Capital One is seeking a Principal Data Scientist to join their Recommendation & Personalization team within AI Foundations. This role is at the forefront of building state-of-the-art scalable AI/ML solutions for Capital One's award-winning mobile app, website, emails, and other digital channels. The position involves working with cutting-edge technologies and methodologies including reinforcement learning, recommender systems, causal inference, and multi-objective learning with transformers.
The ideal candidate will be a customer-focused innovator who can translate complex technical solutions into business value. You'll work with technologies like Python, AWS, Pyspark, and Nvidia Rapids/Merlin/Triton to analyze large volumes of data and build sophisticated machine learning models. The role requires both technical expertise in data science and machine learning, as well as strong leadership and communication skills.

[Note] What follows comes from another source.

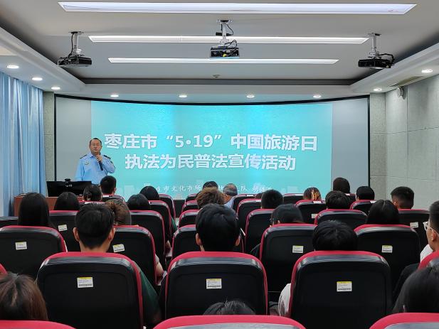 为增强旅游法治宣传教育,提高william威廉官网学子旅游安全及规范从业意识,5月19日,william威廉英国官网联合枣庄市文化市场综合执法支队于综合楼1608教室开展中国旅游日普法宣传活动。活动邀请枣庄市文化市场综合执法支队稽查四科负责人胡修岳进行专题报告,枣庄市文化市场综合执法支队副支队长、二级高级主办孙咏、枣庄市文化市场综合执法支队四级主办孙亚如、william威廉英国官网党总支副书记韩建敏、旅游管理专业部分教师及学生参与本次活动。

Key responsibilities include partnering with cross-functional teams, developing and implementing machine learning models through all phases, and driving innovation in personalization technologies. The position offers competitive compensation ranging from $173,000 to $197,400 annually, depending on location, plus performance-based incentives and comprehensive benefits.
Capital One has a rich history of using data innovation to disrupt the financial industry, starting with their pioneering use of statistical modeling for credit card offers in 1988. Today, they continue this tradition by leveraging the latest computing and machine learning technologies across billions of customer records to create solutions that help people manage their financial lives more effectively.
This role requires a minimum of 5 years of experience with a Bachelor's degree in a quantitative field, or equivalent advanced degree combinations. Preferred qualifications include specialized experience in recommender systems, reinforcement learning, and GenAI application development. The position offers opportunities for growth and innovation in a collaborative, technology-driven environment.